Esto último demuestra que, una vez el apoyo social a la causa medioambiental decreció después de la crisis energética (aprovechada por demagogos para sembrar el pánico), el poder abandonó paulatinamente su compromiso con el medio ambiente. Un cambio observable en Nixon, pero mucho más en los posteriores presidentes.
Las consecuencias que va a tener para la democracia estadounidense la llegada al poder de los conservadores republicanos en los años ochenta van a ser terribles. La administración Reagan será el primer ejemplo de que algo se había quebrado en la democracia más importante del mundo. No era solo que las agresiones estadounidenses estuvieran intensificándose de nuevo, sino que, además, los valores reaccionarios patrocinados por grandes empresas eran asumidos por este gobierno. «Government is not the solution, is the problem» —decía Reagan—. En el aspecto medioambiental, el enemigo eran las medidas que se habían implementado durante la era Nixon; el mismo Nixon que había iniciado una etapa que muchos consideraban como un peligro para las libertades de los americanos, y que desafiaba parte de los valores del excepcionalismo estadounidense.
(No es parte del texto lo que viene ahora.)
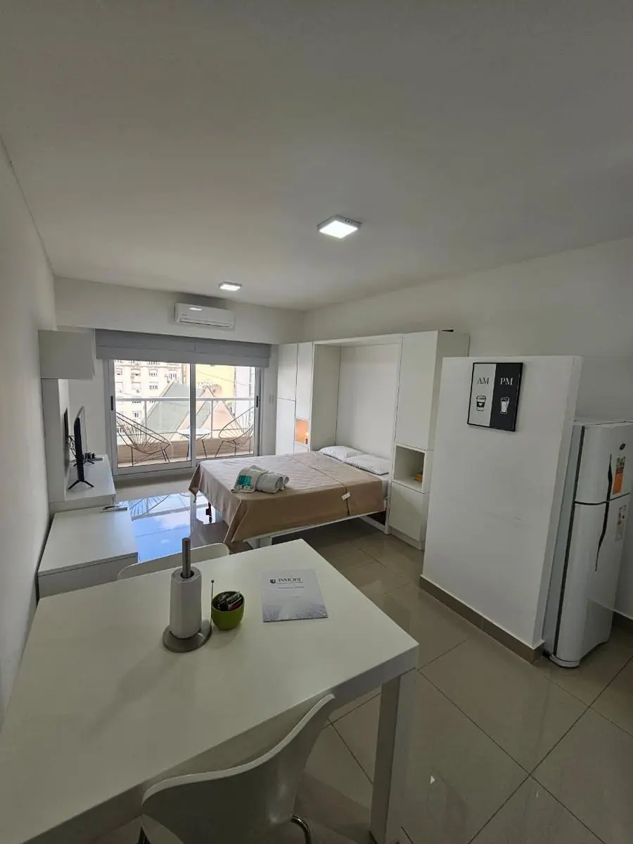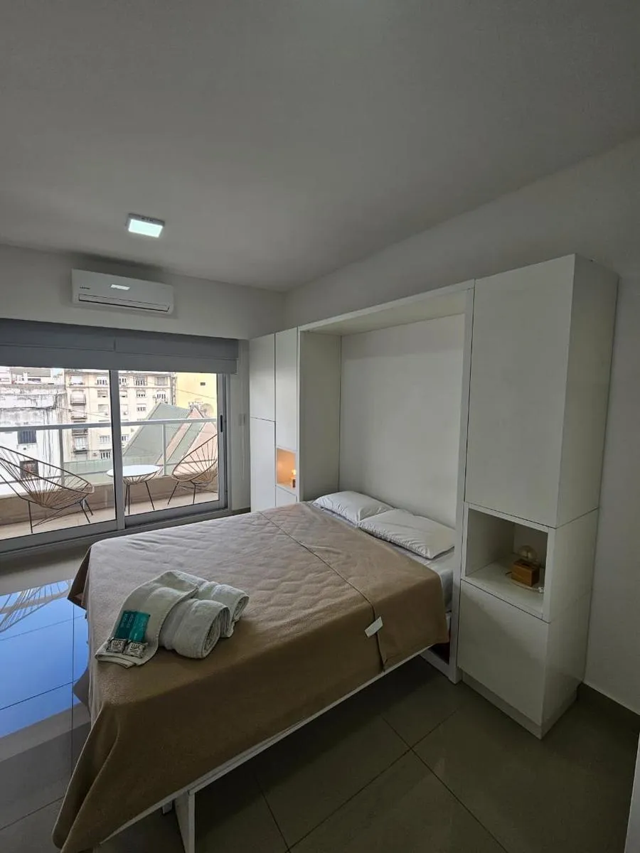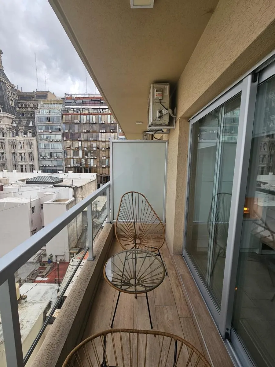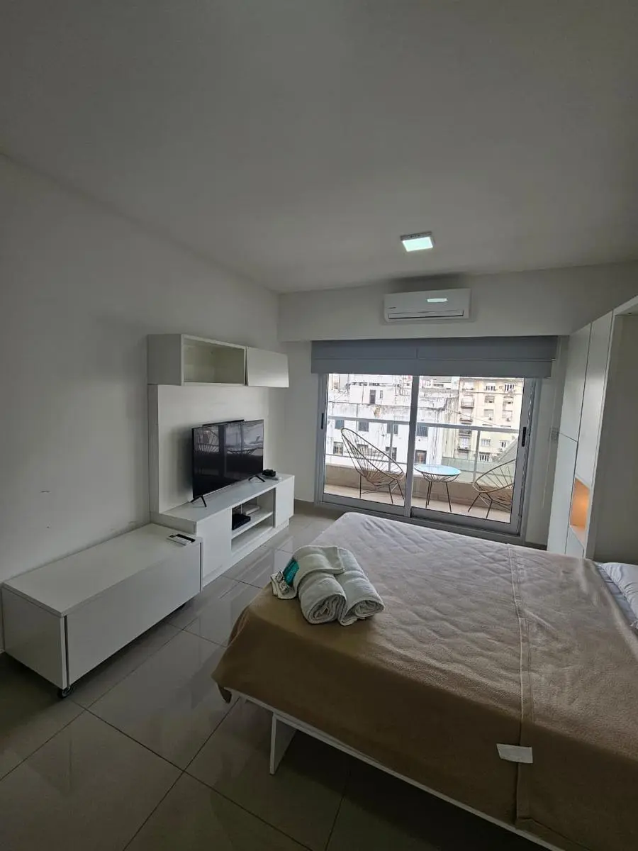 Studio apartment with 1 room, unit 708 on the side and courtyard-facing (contrafrente). Includes a double bed area, full bathroom, fitted wardrobe, equipped kitchen with a fridge with freezer, and a balcony. Hot-cold air conditioning. Building amenities include 24-hour security, a climate-controlled pool, coworking, meeting room, rooftop terrace, laundry and an in-building restaurant. Rent is USD 850 plus electricity and internet; subte: Línea E station Bolívar two blocks away and Línea A statio

La nueva administración reaccionaria se dio cuenta de que era hora de hacer bandera de una guerra cultural que tendría muchísimos frentes. El más comentado siempre es el Gobierno y una idea confusa del concepto de libertad, aunque otros frentes, como la ciencia y la cruzada contra la élite progresista, son incluso más importantes. Aunque fuera un movimiento reaccionario y promocionado por empresas como Exxon Mobil, la campaña era inteligente y se aprovechaba de que los avances medioambientales podían perjudicar a los trabajadores. Lo cual lleva a una lección que sigue teniendo vigencia: cuando se hace una transición hacia otro modelo o tiene lugar una crisis económica, el Gobierno no tiene más remedio que intervenir e involucrarse completamente en la economía para salvar a las personas que se ven perjudicadas con los nuevos cambios y evitar una campaña de desinformación que se alimenta muy fácilmente de la gente que se queda por el camino.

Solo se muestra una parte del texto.